Skip every picture while you write out the records below, from the first line through the one that contains "Elevate your traditional", both ends kept.

## PROVIDED DATA
Content starts
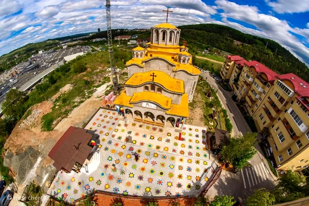 Soluția găsită de un preot din Cluj pentru ca toți cei care vin la biserică să respecte distanțarea socială. 150 de flori desenate pe asfalt alături de voluntari: „Așa cum spunea Constantin Noica, noi trebuie să trăim ca albinele pe pământ, nu ca muștele” / Sursă FOTO: Nicu Cherciu - Facebook
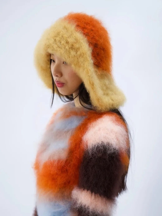 当然,面对马海毛‘风头正劲’的时期,品牌们在推出服饰系列之余,也没放过围巾、帽子等配饰单品。
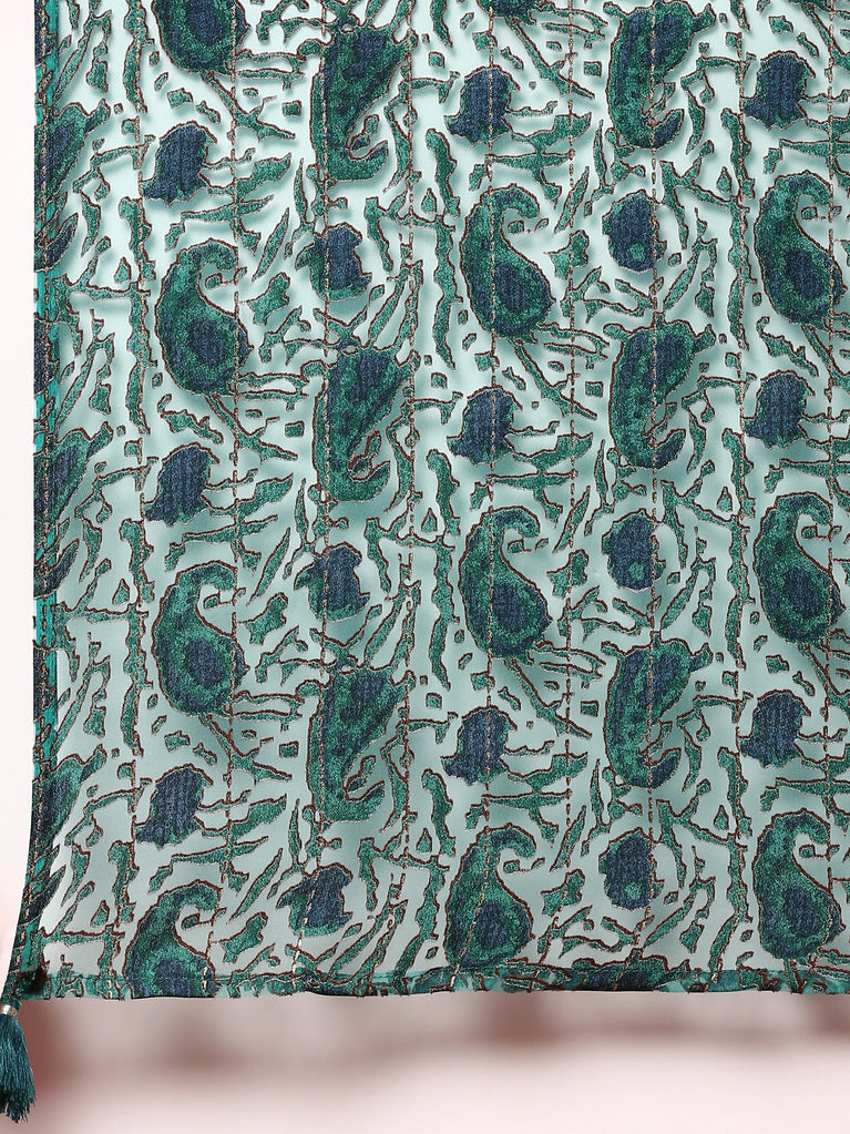 Elevate your traditional wardrobe with this green organza three-piece set featuring delicate printed patterns and intricate embroidery. Lightweight and breathable, this ensemble combines elegance and comfort, perfect for festive occasions or special gatherings. The coordinated pieces offer versatility while ensuring you stand out with subtle sophistication.
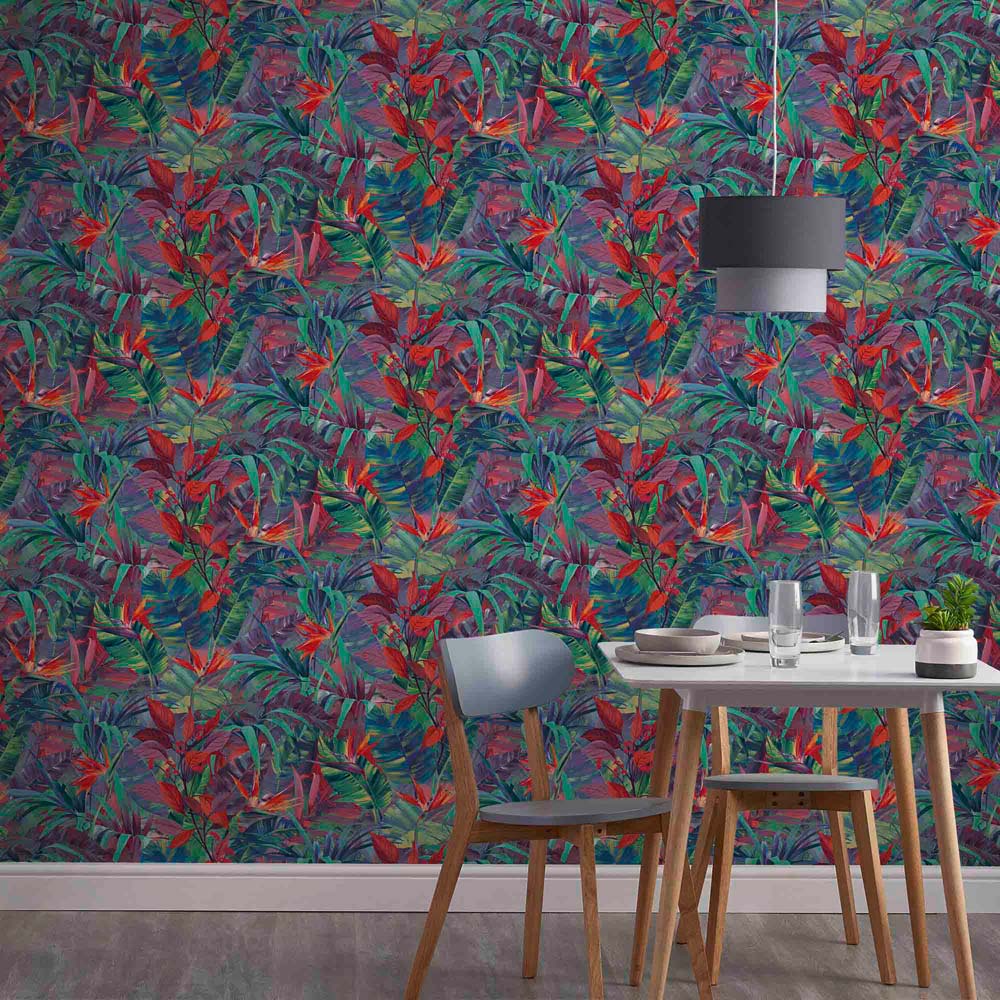 Make a bold design statement with this textured Grandeco Red and Green Paradise Jungle Painted Flower Textured Wallpaper that combines bird-of-paradise flowers with brightly-coloured painted leaves in stunning detail. Guaranteed to add the wow factor to every interior, it will help cover cracks and minor imperfections on the wall while its embossed finish will add depth to them. Plus, the paste-the-wall wallpaper method offers no soak and no mess application.
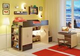 Детская мебель "Легенда" - это уже г отовая комната для Вашего ребенка, которая совмещает в себе спальное место, вместительное место для одежды, выдвижной стол и игровую зону. Большое количество оттенков помогут подобрать мебель по вкусу ребенку и интерьеру комнаты, а большое разнообразие комплектаций и размеров поможет вписать детскую комнату даже в любую малогабаритную квартиру. Комплектация: - Кровать чердак Л-3: 600×834×1076 - Лестница угловая ЛУ-11: 430×815×1075 - Фасады ЛУ-11: 388х254х16 - Стол Л-02: 800х600х735 - Полка Л-01: 800х156х140 - Полка Л-02: 626х150х476 - Полка Л-04: 626х150х1126 Модель универсальна - сторона определяется при сборке. Матрасы в комплект не входят - приобретаются отдельно.Характеристики
Content ends
## RESPONSE AREA
 Soluția găsită de un preot din Cluj pentru ca toți cei care vin la biserică să respecte distanțarea socială. 150 de flori desenate pe asfalt alături de voluntari: „Așa cum spunea Constantin Noica, noi trebuie să trăim ca albinele pe pământ, nu ca muștele” / Sursă FOTO: Nicu Cherciu - Facebook
 当然,面对马海毛‘风头正劲’的时期,品牌们在推出服饰系列之余,也没放过围巾、帽子等配饰单品。
 Elevate your traditional wardrobe with this green organza three-piece set featuring delicate printed patterns and intricate embroidery. Lightweight and breathable, this ensemble combines elegance and comfort, perfect for festive occasions or special gatherings. The coordinated pieces offer versatility while ensuring you stand out with subtle sophistication.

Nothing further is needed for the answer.